Но сначала нужно было выбить стекло.
Она представила, что Крис будет долго и со вкусом бить её ногами, когда вернется. Может быть, он прострелит ей ноги, чтобы она не смогла ходить, будто ей и так мало ран на лодыжках. Или сразу прострелит голову. Слёзы обожгли ей щеки.
«Давай, Айрис, – сказала мама. – Хоть раз поборись за свою жизнь»
И тогда Айрис примерилась и ударила кулаками в стекло. Раз и другой. Треск, с которым осыпалось и без того поврежденное стекло, и холод, хлынувший в подвал, заставил её едва не закричать от радости.

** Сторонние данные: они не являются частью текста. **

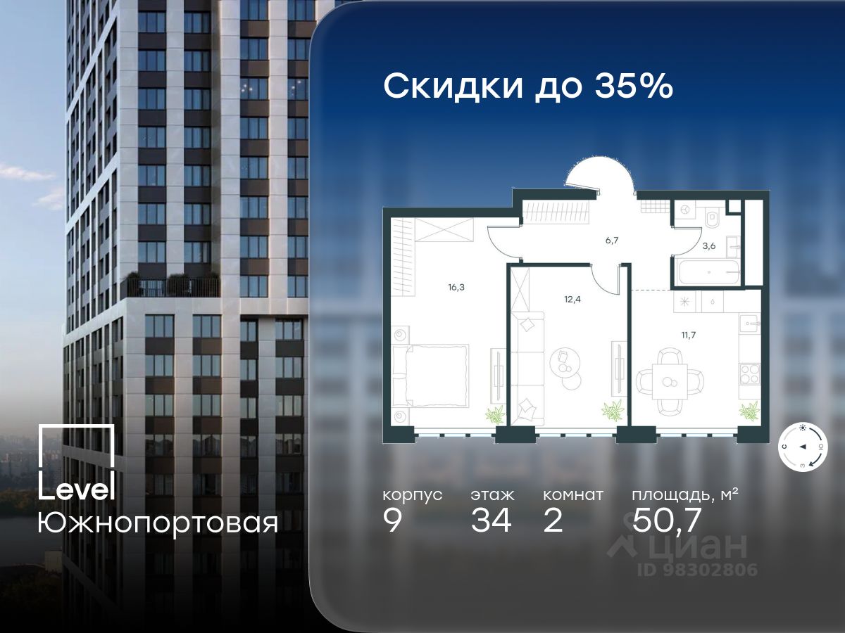 В северной части района Печатники продается 2-комнатная квартира площадью 50.70 кв.м с отделкой white box. Квартира расположена на 34 этаже 49-этажного корпуса 9 в жилом комплексе комфорт-класса Level Южнопортовая (компания Level Group/Левел групп).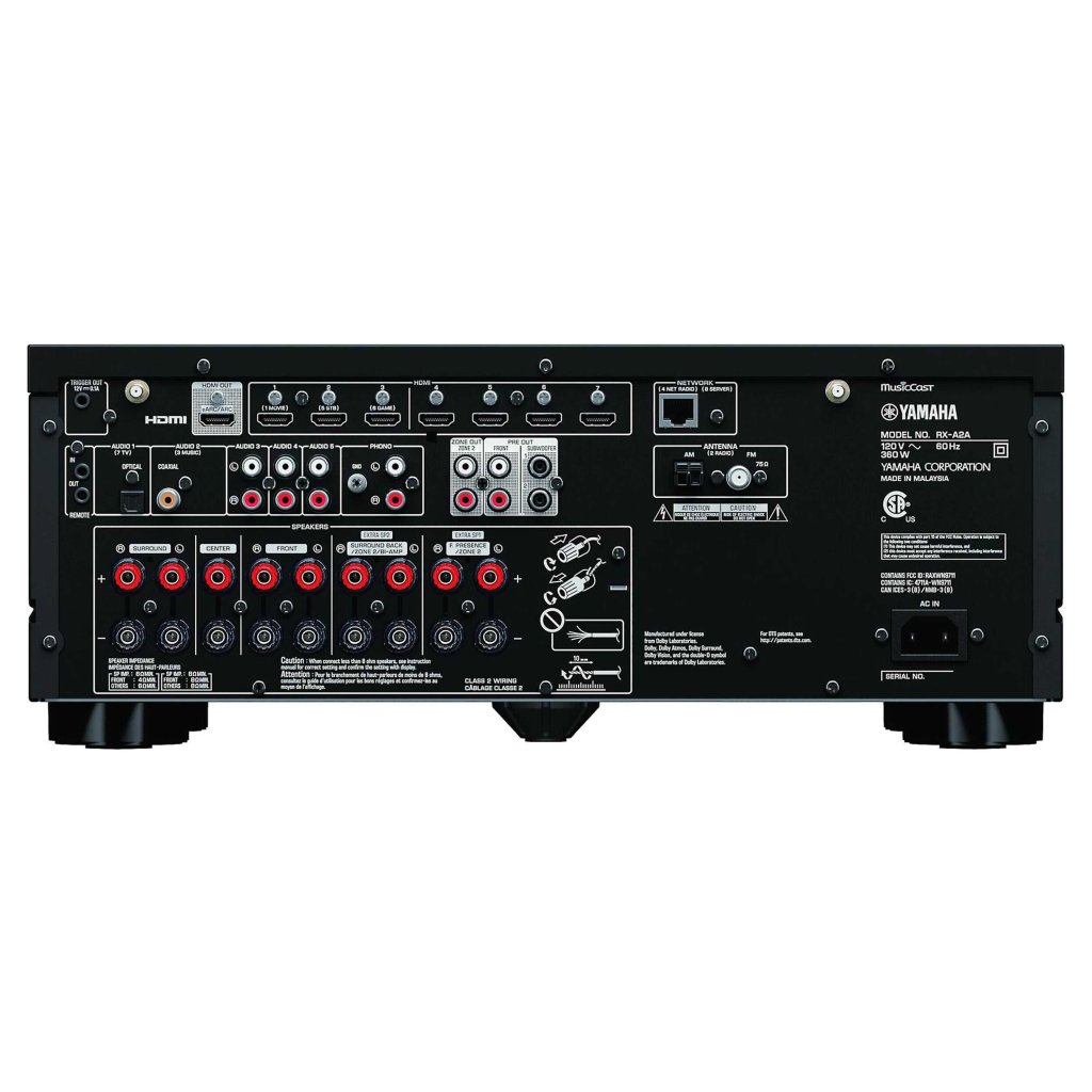- Výstupy pro 9 reproduktorů (Front L / R, Center, Surround L / R, Surround Back L / R, Front Presence L / R) - RX-A2A může napájet maximálně 7 kanálů najednou

Айрис сама не поняла, как ей удалось протиснуться в узкое подвальное окно. Не обращая внимания на промокшие носки, на кровь, от каждого движения сильнее выступающую на ногах – к счастью, она не повредила важных артерий, – она бросилась бежать в сторону полицейского участка.
*
Чтобы Брайан заснул, Марку пришлось влить в него порцию успокоительного и рассказать несколько индейских легенд из самых захватывающих, но не страшных, просто пара сказок-былей о героях и духах. Когда мальчишка, наконец, засопел, Марк накрыл его одеялом чуть ли не до самого носа, подоткнул края, чтобы Брайан не замерз ночью, и осторожно закрыл дверь его спальни.
Кира сидела на диване в гостиной.
– Думаю, тебе не помешает поспать, – Марк присел рядом с Кирой, осторожно положил ей руку на плечо. Она вздрогнула, подняла на него взгляд.
– Не думаю, что я смогу, – тихо произнесла, обхватила руками колени. – Рейчел звонила, останется у подруги. Она не хочет возвращаться домой, пока Брайан не успокоится, – и добавила, безо всякого перехода: – Брайан сказал мне, что видел отца. Он уже не в первый раз так говорит, и я боюсь, что с ним что-то не так. Мне страшно. Я… ненавижу не понимать, что происходит.
Марк не знал, что ей ответить. Он как раз очень хорошо понимал, что происходит, но не знал, должен ли рассказать Кире древние легенды, ставшие явью. Она всё равно не поверила бы. Для неё, неудавшегося ученого, это было бы равносильно попаданию в Ад, при том, что её забыли предупредить о наличии в нём чертей и Дьявола.
Кира была сильной женщиной, но её сила держалась на внутренней воле и вере, что всё на свете можно объяснить. Даже сейчас она старалась не плакать. Но даже самые неоспоримые доказательства того, что её муж стал монстром, могли её уничтожить.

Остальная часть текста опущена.